自邸は、周囲の自然とともにこの空気感を丸ごと感じられるようなものにしたいと考え、設計ではそれをいかに取り込むかがメインのテーマになったという。
そして出てきたのが、その空気を切り取ってテントをかぶせるというイメージ。2階を4面とも全面ガラスにし、方形屋根をテントとみなしてその上に浮かすというアイデアで、この家のデザインの核の部分が決まった。
天井は漆喰仕上げに
2階の白い天井はテントをかぶせただけというイメージそのままの軽やかさが印象的だが、設計途中でいったん木に変更したものを初期案の漆喰仕上げに戻したのだという。
「最初は漆喰にしようと思っていたのを、模型で何度も白い天井と木の天井を見比べて木に変えたんですが、現場で再度検討したところ木の質感が重くなりすぎて浮遊感が感じられなかったため、結局、元の漆喰に戻しました」
陰影のある空間
石井邸ではまず、この軽やかな天井のもと四方に向けて開放された2階の空間の心地よさに引き付けられるが、この2階とは対比的につくられた1階の空間も特徴的なつくりで魅力のある空間になっている。
客を招いての食事会も行う2階とプライベート空間をまとめた1階とでは明るさがきわだって異なる。特にベッドの置かれたコーナーは、昼間でもかなり暗め。1階では全体的に光量を押さえて、鎌倉らしい陰影のあるしっとりと落ち着いた空間をつくろうと考えたという。
自由な回遊空間
この1階は真ん中のウォークスルークローゼットの周りをぐるりと回遊できるつくりになっている。回遊空間は石井さんが日ごろから設計のテーマとしているもので、この家のためだけに考えられたものではないが、この空間はまた街路をイメージして設計したものでもあるという。
空間の幅を変え、段差もつくりつつ、片や床から40cmの部分に小さな開口を開け、片やテラスに面した開口は大きく開けるといった具合に空間に変化をつけた。
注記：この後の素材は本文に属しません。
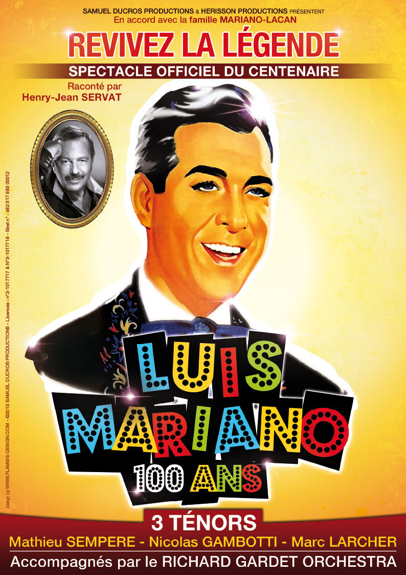 Spectacle officiel du centenaire de Luis MARIANO qui réunit trois jeunes ténors : Mathieu Sempéré, Nicolas Gambotti, Marc Larcher et en maître de cérémonie Henry-Jean Servat.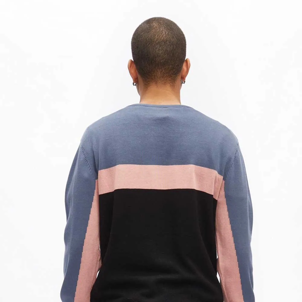 Le Montauk est un pull en maille douce à col rond, confectionné en jauge 12 et doté d´empiècements contrastés teints en fil (Y/D) pour un look hivernal classique et élégant.

場所ごとに異なる印象を与えると同時に、たとえば段差の部分に椅子がわりに腰掛けることができたりと、使い方を限定しない自由さもあわせもっている。この自由な感じをヨーロッパでよく見かける街路にたとえているのだ。
どこもかしこもお気に入り
「お風呂もすごく気持ちがいいし、1階のテーブルのあたりも風がよく通り、涼しくて気持ちがいい。2階の床に寝転んでの昼寝も気持ちが良く、テラスに出て座っていると気持ちが良くてそのまま寝てしまう。どこもこんな感じなので、どの場所がいちばんとは限定できないですね」
大胆なアイデアのもと隅々にまで創意を尽くしてつくられたこの自邸は、周囲の緑も含めた経年変化により、また違った味が出てきそうに思われた。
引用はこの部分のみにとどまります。